PROBLEM TO WORK ON :: Retype the data below exactly; skip every image.

GIVEN MATERIAL ::
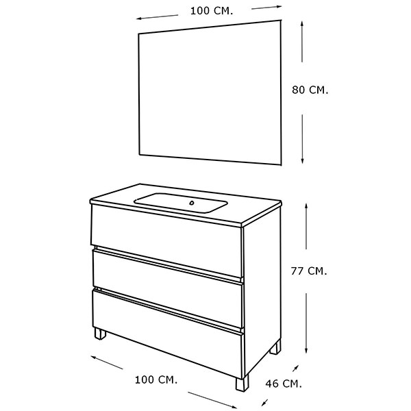 Meuble L100 x H73 x D45 cm.
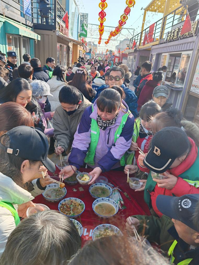 梯田夜肆商業街區的店鋪早早貼上了“?!弊趾图艏埓盎ā,F場舞腰鼓、吼秦腔、展歌舞、迎春倌、送春聯,還有“媽媽的油香”和彭陽縣非遺農特產品等前來助力。屋內飄出的縷縷香味,讓當地群眾和游客絡繹不絕前來品嘗“彭陽十大碗”?,F場還特邀了環衛工人、護林員、園林工人、出租車司機等48人歡樂過大年。
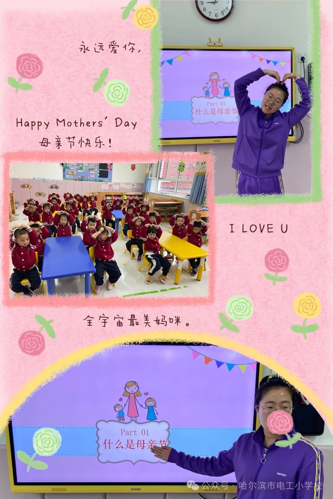 母爱如同大地,承载着我们成长的每一个脚步。在本次母亲节主题活动中,电工宝贝们用纯真的眼睛去发现、用稚嫩的心去感受,真切地体会到了在日常生活中妈妈对自己的照顾和关爱。孩子们也学着用力所能及的方式去表达爱、回报爱,从被爱到学会关爱。

YOUR SOLUTION ::
 Meuble L100 x H73 x D45 cm.
 梯田夜肆商業街區的店鋪早早貼上了“?!弊趾图艏埓盎ā,F場舞腰鼓、吼秦腔、展歌舞、迎春倌、送春聯,還有“媽媽的油香”和彭陽縣非遺農特產品等前來助力。屋內飄出的縷縷香味,讓當地群眾和游客絡繹不絕前來品嘗“彭陽十大碗”?,F場還特邀了環衛工人、護林員、園林工人、出租車司機等48人歡樂過大年。
 母爱如同大地,承载着我们成长的每一个脚步。在本次母亲节主题活动中,电工宝贝们用纯真的眼睛去发现、用稚嫩的心去感受,真切地体会到了在日常生活中妈妈对自己的照顾和关爱。孩子们也学着用力所能及的方式去表达爱、回报爱,从被爱到学会关爱。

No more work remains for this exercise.